# Exercise 7: understanding correlation
# In this exercise we will perform some simulations that may help to get intuition on the concept of correlation and the performance of the Pearson correlation coefficient. In order to keep it simple, we will assume throughout the exercise that the expected values are 0 and the standard deviations are 1.
# Before you start doing the computations, you have to load the "MASS" library into R by the command:
library(MASS)
# a)
# Generate 25 observations (x,y) from the bivariate normal distribution with correlation 0.30 (see slide 17 from the lectures)

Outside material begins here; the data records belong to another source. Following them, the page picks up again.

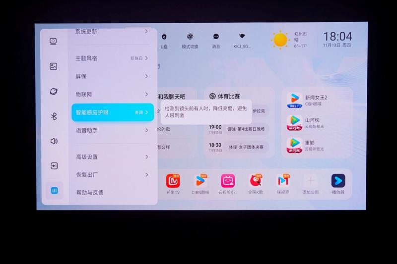当贝x7 max投影仪还支持环境光自适应,可以根据环境光线自动调整亮度,配合智能感应护眼功能,以及三色激光光源从源头上消除有害蓝光,长时间观影也不易产生疲劳,更加护眼。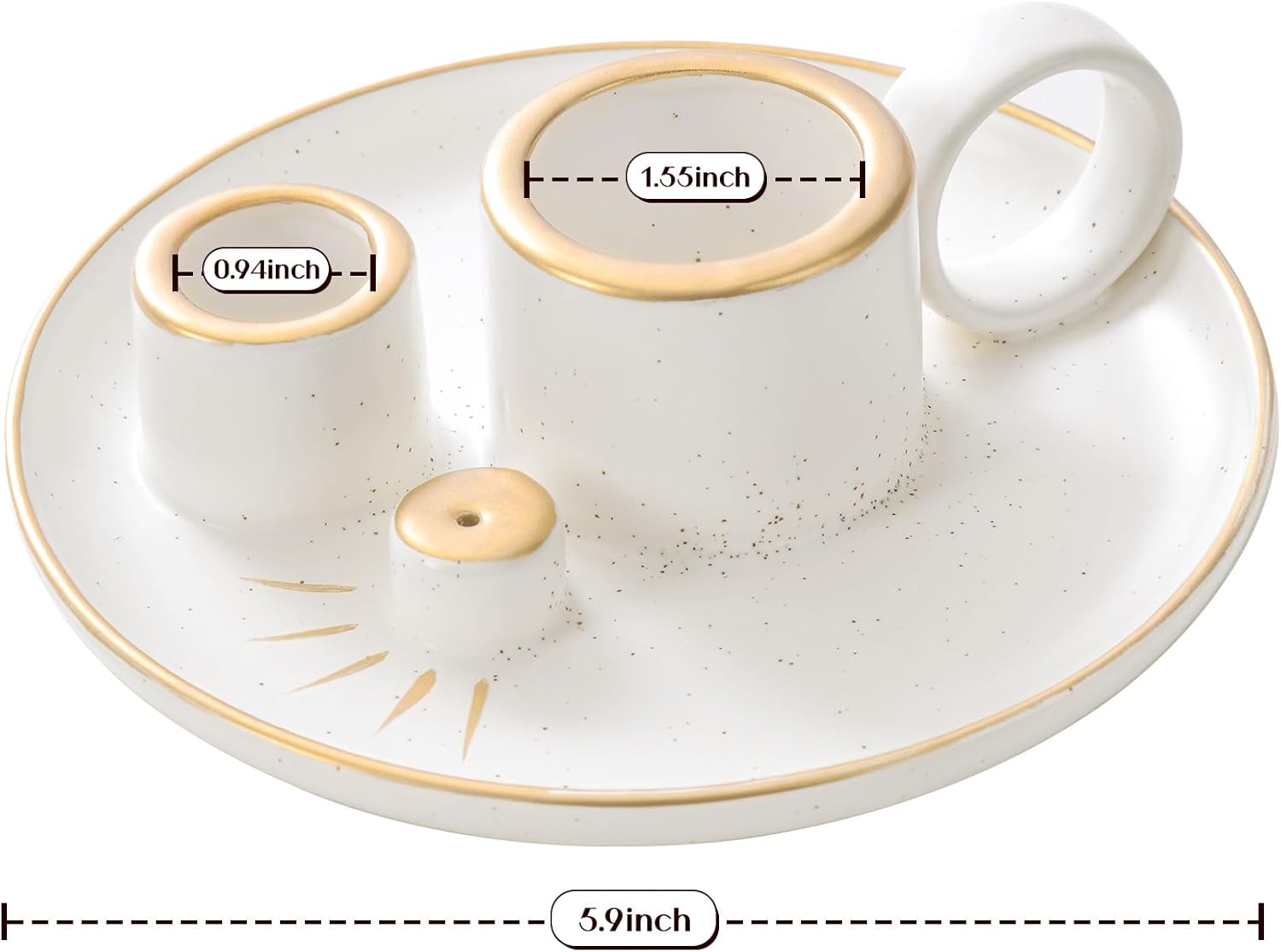 I really like this product and I was attracted to the fact that it holds incense, palo santo and sage. It has a wide base, so if you are burning incense it lands in the dish. I like the sage designated spot and the handle which is great to carry around if you like to smudge. The white and gold colors are very attractive and the dish comes with a very large set of tweezers and a brush fan, which I think it used to fan the coals. I really like the large tweezers because I use them to pull out the sage before it hits the gold paint, because I don’t want to ruin that feature. Overall, for about $22 this is a great dish if you like to smudge and burn incense. The smaller receptacle can take a taper candle, but I donât love taper candles so I wont use it for that. It is pretty and easy to clean and very easy to carry around. Great product.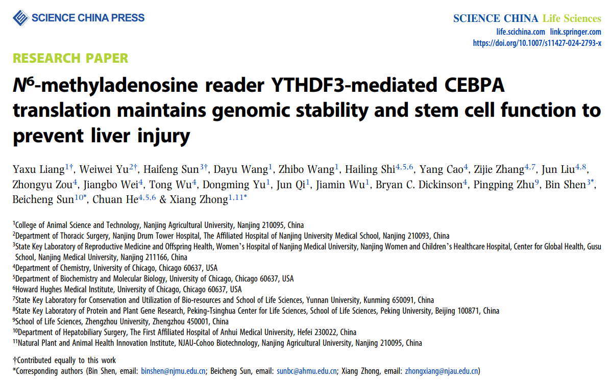 近日,Science China Life Sciences(《中国科学:生命科学》英文版)在线发表ios版雷竞技官网钟翔教授、安徽医科大学第一附属医院孙倍成教授、南京医科大学沈彬教授和芝加哥大学何川教授团队合作题为“N6-methyladenosine reader YTHDF3-mediated CEBPA translation maintains genomic stability and stem cell function to prevent liver injury”的最新研究性论文,首次揭示m6A RNA修饰阅读蛋白YTHDF3通过促进转录因子CEBPA的翻译,维持肝脏基因组稳定性及干细胞功能,从而抵御肝损伤。该发现为肝硬化、肝癌等疾病的治疗提供了新方向,为保障动物肝脏健康的营养调控技术提供新思路。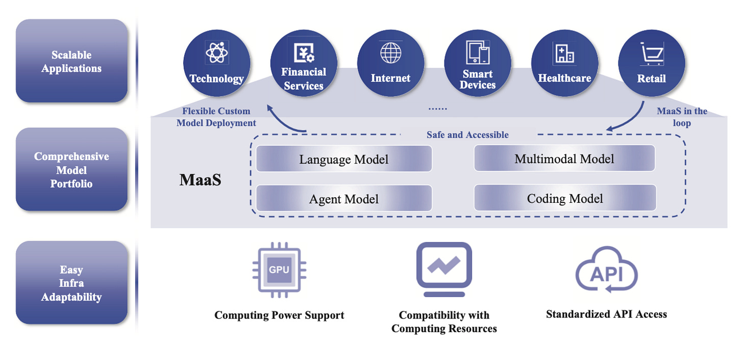Zhipu is a deployment-first model company. The core asset is the GLM model family, and the filing emphasizes a set of newer releases like GLM-4 and its variants, including lighter versions and vision-capable versions, plus newer iterations in the GLM-4.x line which are most popular for their coding abilities. Zhipu is very explicit that it delivers capability through public cloud, private cloud, and on-prem deployments, and it pairs that with professional services. In other words, the “product” is often the model deployment plus a set of services that make it usable inside a real enterprise environment. They talk about their “Model as a Service” platform, which is highlighted below.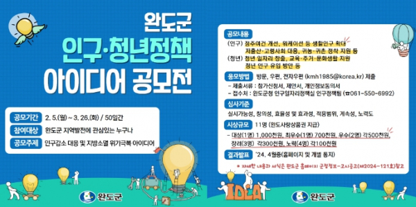 [남도저널 양용숙 기자] 완도군은 2월 5일부터 3월 26일까지 50일간 지방소멸 및 인구감소에 대응하기 위한 다양한 인구·청년 정책 아이디어를 공모한다.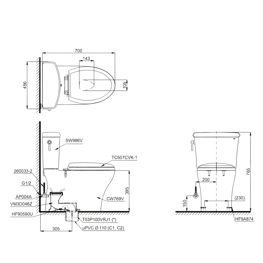 Bản vẽ Bồn Cầu Hai Khối TOTO CS986GT9 Nắp Êm

# Compute the Pearson correlation coefficient and plot the observations:
n=25
rho=0.30
m=matrix(c(0,0),nrow=2)
S=matrix(c(1,rho,rho,1),nrow=2)
obs=mvrnorm(n,m,S)
x=obs[,1]
y=obs[,2]
cor(x,y)
plot(x,y)
# Repeat the commands a number of times. Note how the Pearson correlation coefficient and the plot vary.
# This will help to give you an intuition of how scatter plots may look like when the (true) correlation is 0.30.
# b)
# Repeat a) for correlation 0.60 and correlation 0.90. Note how the plots look like when the correlation is 0.60 and 0.90.
# c)
# Repeat a) and b) for n=100 and n=400. Note how the variation in the Pearson correlation coefficient depends on the sample size.